---------- Exercise materials ----------

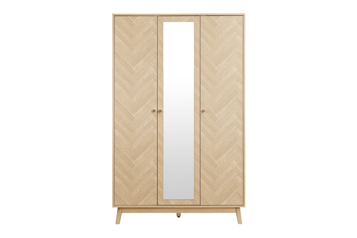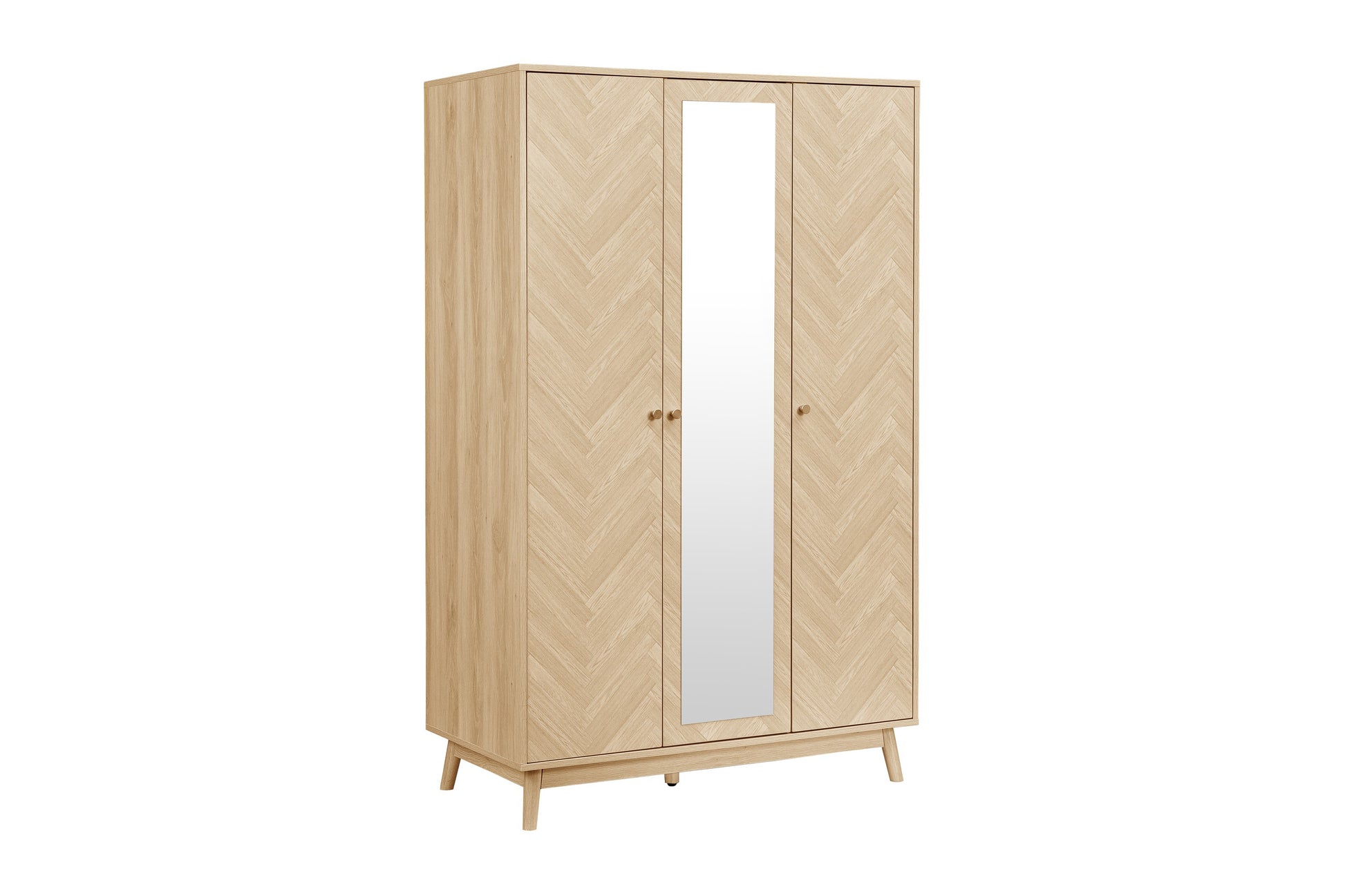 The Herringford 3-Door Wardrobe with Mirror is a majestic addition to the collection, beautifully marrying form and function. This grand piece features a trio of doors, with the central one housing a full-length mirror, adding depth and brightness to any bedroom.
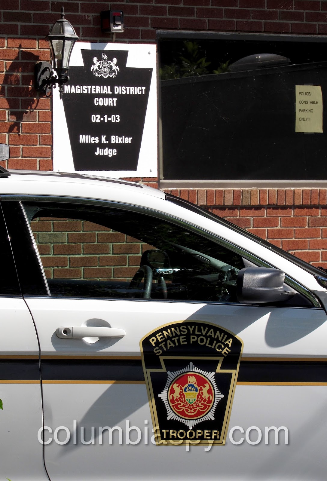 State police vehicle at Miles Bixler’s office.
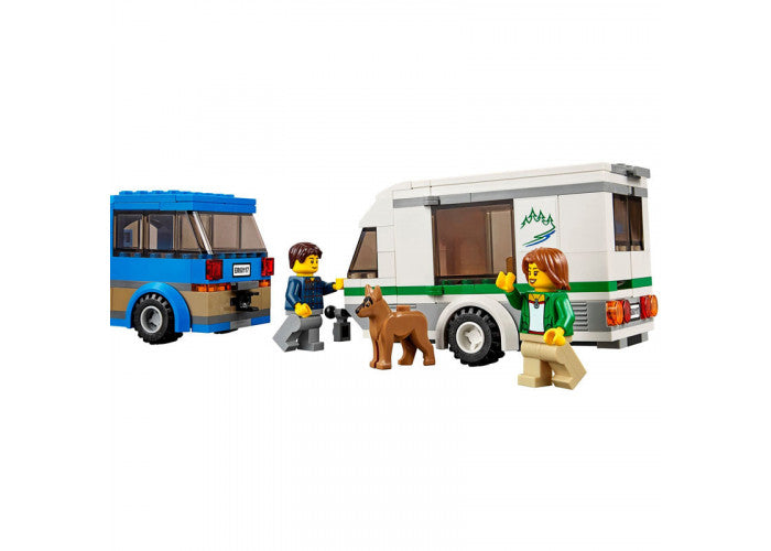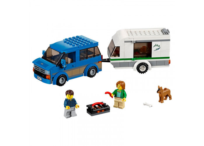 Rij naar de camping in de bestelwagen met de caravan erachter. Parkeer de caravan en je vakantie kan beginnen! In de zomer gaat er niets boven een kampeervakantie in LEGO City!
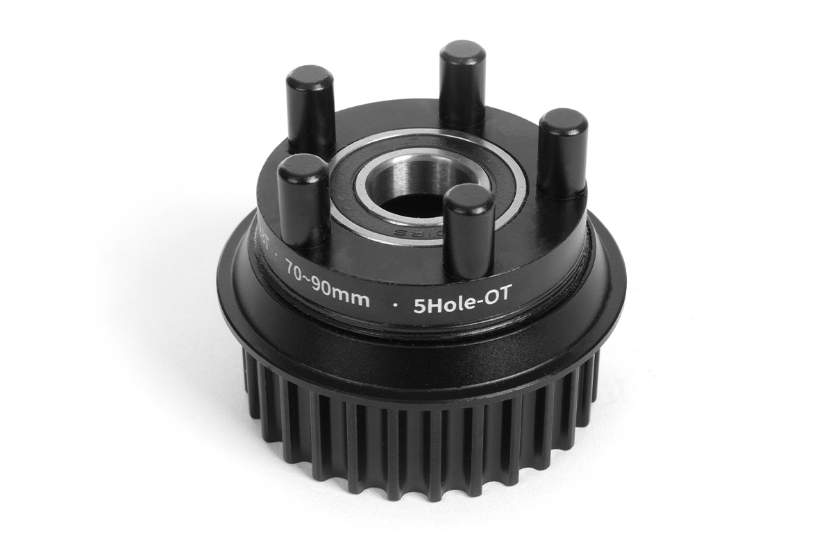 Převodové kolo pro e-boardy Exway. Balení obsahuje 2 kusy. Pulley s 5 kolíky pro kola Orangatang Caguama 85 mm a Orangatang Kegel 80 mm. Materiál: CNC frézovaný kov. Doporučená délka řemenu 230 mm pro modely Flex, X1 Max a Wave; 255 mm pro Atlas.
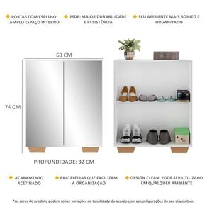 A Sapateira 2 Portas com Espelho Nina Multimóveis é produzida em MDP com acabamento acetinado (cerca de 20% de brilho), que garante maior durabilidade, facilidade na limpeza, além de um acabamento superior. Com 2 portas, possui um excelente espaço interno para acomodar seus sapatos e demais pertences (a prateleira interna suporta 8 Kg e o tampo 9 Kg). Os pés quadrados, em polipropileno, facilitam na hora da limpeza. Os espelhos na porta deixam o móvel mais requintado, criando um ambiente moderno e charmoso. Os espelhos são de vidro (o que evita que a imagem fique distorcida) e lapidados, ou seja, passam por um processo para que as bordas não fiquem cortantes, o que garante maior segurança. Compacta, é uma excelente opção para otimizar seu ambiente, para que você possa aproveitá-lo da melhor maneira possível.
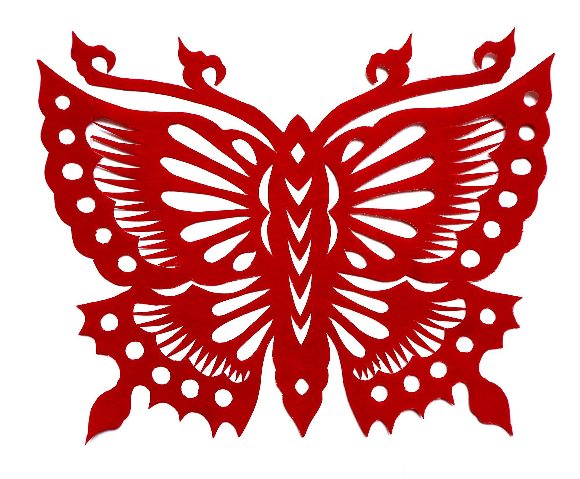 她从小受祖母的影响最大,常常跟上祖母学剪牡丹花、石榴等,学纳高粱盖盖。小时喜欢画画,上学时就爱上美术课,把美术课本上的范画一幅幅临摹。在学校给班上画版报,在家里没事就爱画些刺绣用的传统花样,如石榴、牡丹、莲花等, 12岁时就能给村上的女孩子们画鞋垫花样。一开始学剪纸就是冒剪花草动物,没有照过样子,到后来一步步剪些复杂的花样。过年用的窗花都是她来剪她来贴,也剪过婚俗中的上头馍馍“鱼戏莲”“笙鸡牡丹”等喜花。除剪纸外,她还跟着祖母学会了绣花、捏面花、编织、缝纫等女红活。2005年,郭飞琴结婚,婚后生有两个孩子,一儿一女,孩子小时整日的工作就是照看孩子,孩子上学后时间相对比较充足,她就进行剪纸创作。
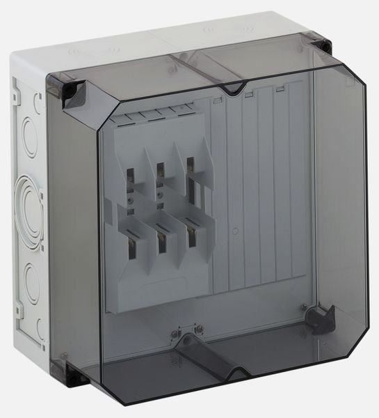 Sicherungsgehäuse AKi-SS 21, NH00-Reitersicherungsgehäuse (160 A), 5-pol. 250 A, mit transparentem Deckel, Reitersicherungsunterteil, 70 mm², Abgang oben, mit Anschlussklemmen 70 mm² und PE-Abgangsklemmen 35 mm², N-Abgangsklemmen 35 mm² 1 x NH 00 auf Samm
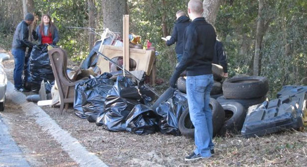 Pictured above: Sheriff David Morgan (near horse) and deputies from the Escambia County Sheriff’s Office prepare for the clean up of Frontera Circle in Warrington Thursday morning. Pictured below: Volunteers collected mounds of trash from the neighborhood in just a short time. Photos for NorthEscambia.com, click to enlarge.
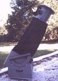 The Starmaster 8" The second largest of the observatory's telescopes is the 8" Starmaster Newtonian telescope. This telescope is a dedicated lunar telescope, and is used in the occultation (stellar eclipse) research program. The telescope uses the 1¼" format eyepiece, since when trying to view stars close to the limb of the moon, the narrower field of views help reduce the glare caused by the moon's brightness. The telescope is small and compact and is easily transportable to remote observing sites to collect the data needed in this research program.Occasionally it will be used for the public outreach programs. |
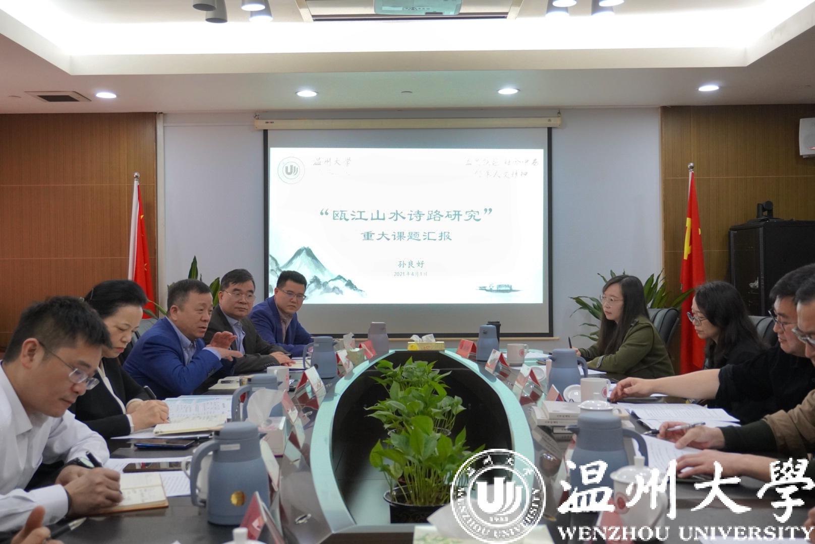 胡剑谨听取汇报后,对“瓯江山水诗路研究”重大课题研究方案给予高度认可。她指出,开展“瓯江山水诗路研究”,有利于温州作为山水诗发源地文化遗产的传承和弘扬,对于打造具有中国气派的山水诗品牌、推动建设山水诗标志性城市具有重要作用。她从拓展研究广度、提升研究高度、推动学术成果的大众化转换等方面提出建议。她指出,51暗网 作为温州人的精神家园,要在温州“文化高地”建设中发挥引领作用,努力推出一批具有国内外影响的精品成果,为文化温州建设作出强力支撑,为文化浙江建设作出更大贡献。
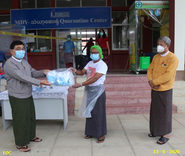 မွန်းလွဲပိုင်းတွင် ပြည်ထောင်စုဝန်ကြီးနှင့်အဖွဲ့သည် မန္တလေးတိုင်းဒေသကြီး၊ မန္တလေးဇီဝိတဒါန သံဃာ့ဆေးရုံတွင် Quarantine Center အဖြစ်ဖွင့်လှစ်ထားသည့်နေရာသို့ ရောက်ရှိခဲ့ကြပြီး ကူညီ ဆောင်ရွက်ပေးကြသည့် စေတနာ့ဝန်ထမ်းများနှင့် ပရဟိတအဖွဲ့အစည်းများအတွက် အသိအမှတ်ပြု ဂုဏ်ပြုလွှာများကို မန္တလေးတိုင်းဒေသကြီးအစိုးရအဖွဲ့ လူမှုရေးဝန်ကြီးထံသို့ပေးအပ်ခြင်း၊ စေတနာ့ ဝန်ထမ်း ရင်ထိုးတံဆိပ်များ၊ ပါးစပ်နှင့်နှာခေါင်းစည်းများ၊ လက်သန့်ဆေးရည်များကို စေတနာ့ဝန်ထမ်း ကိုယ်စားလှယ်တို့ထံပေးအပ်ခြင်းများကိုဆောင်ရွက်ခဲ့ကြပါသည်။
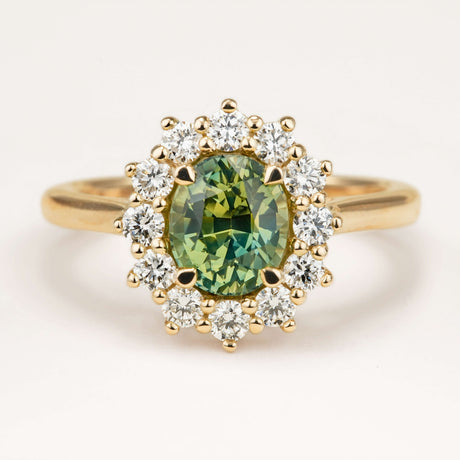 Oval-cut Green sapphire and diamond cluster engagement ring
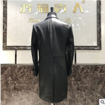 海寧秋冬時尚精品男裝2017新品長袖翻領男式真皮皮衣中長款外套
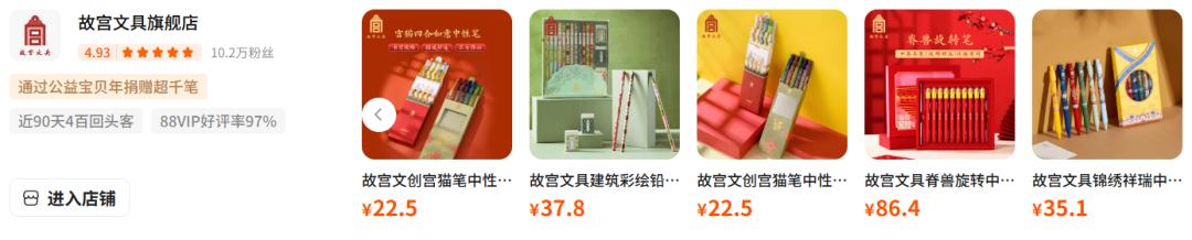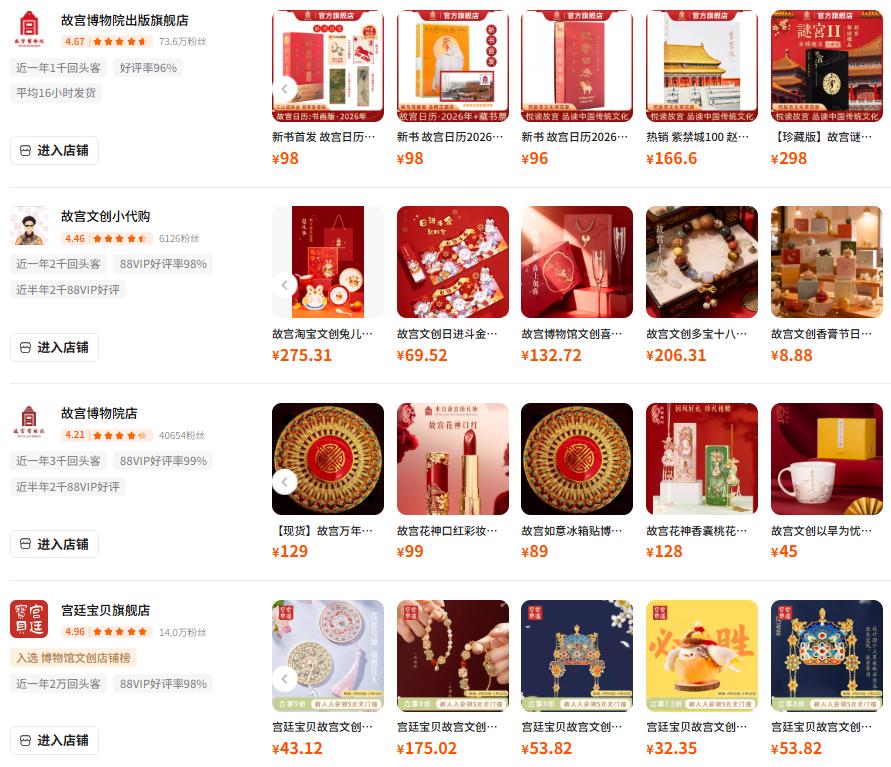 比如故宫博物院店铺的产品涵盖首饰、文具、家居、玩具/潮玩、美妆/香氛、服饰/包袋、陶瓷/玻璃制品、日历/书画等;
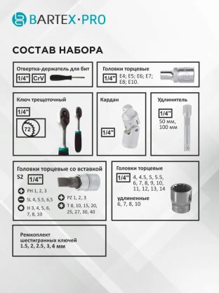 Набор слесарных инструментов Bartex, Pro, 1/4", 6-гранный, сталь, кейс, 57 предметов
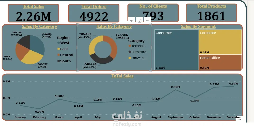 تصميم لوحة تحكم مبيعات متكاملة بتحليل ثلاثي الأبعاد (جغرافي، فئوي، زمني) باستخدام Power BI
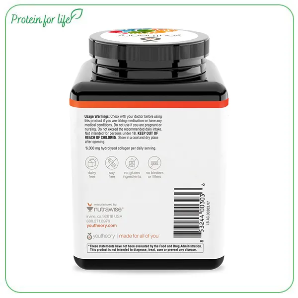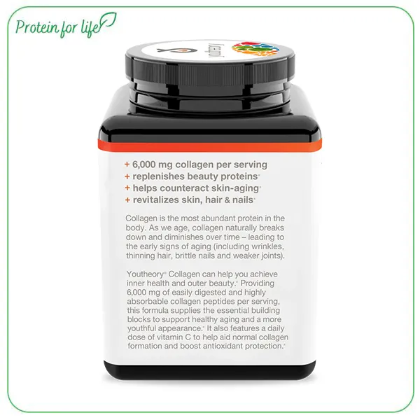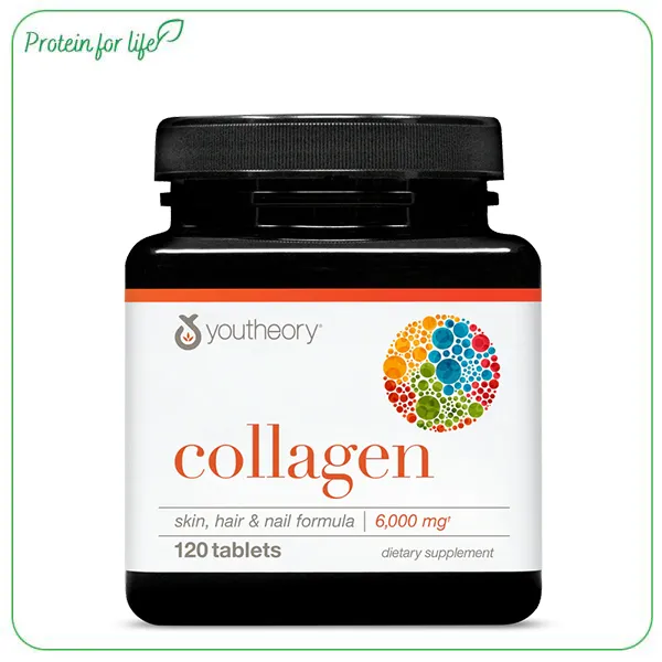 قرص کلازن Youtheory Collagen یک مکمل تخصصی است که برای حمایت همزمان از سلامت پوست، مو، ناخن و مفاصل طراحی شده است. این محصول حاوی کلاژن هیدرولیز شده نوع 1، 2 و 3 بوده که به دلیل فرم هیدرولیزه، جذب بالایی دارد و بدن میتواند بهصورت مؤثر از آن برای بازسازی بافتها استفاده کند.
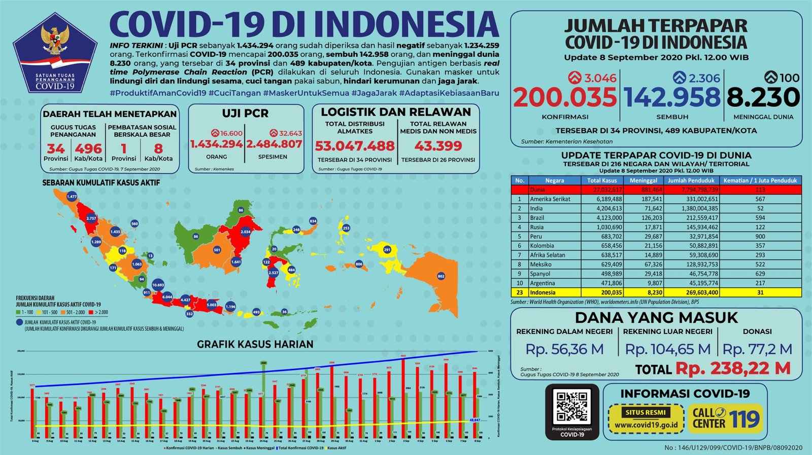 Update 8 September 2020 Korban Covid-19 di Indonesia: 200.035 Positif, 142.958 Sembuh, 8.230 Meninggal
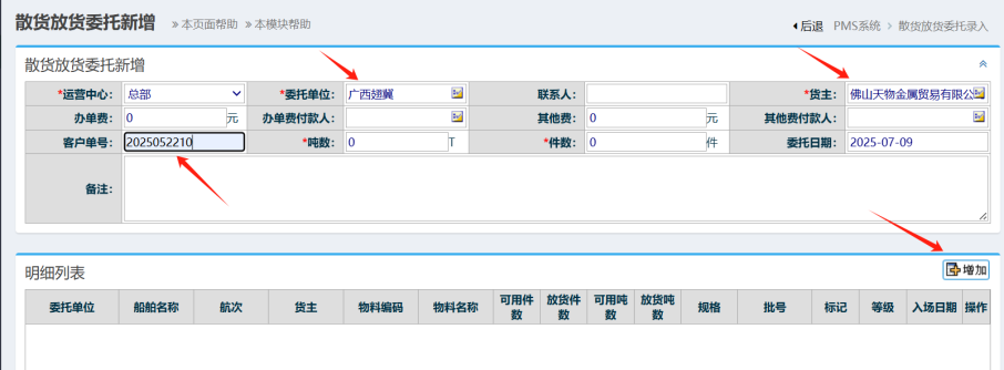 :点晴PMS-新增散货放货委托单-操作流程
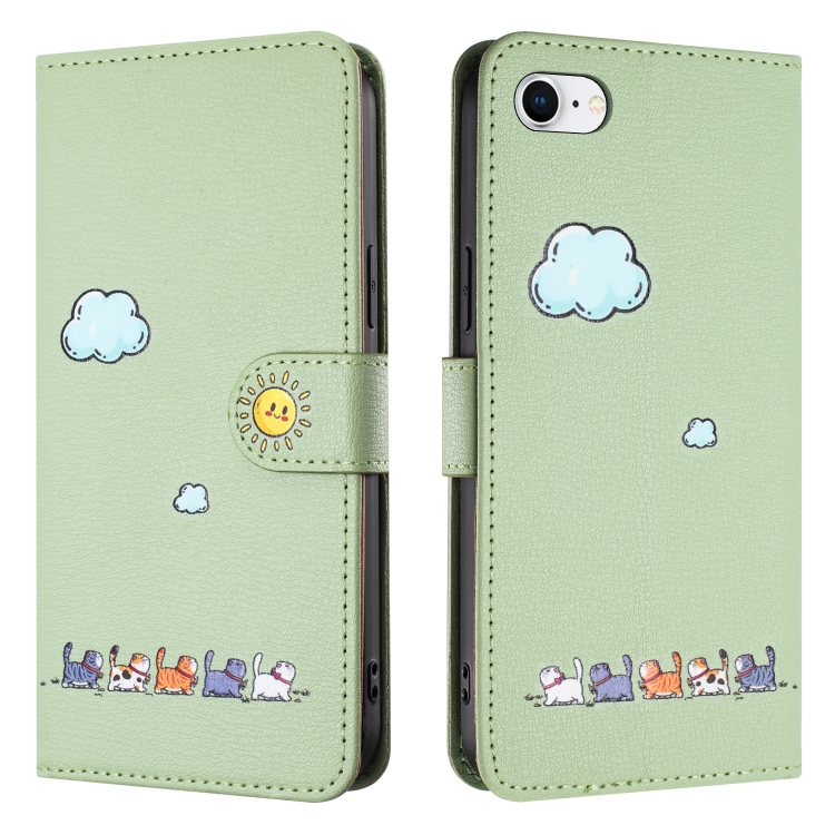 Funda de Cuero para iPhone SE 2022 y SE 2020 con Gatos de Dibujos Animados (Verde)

----------

Exercise brief -
Starting at the line containing "State police vehicle" and finishing at the line containing "Převodové kolo pro", return those lines exactly as they appear above, without the pictures.

Output of the exercise -
 State police vehicle at Miles Bixler’s office.
 Rij naar de camping in de bestelwagen met de caravan erachter. Parkeer de caravan en je vakantie kan beginnen! In de zomer gaat er niets boven een kampeervakantie in LEGO City!
 Převodové kolo pro e-boardy Exway. Balení obsahuje 2 kusy. Pulley s 5 kolíky pro kola Orangatang Caguama 85 mm a Orangatang Kegel 80 mm. Materiál: CNC frézovaný kov. Doporučená délka řemenu 230 mm pro modely Flex, X1 Max a Wave; 255 mm pro Atlas.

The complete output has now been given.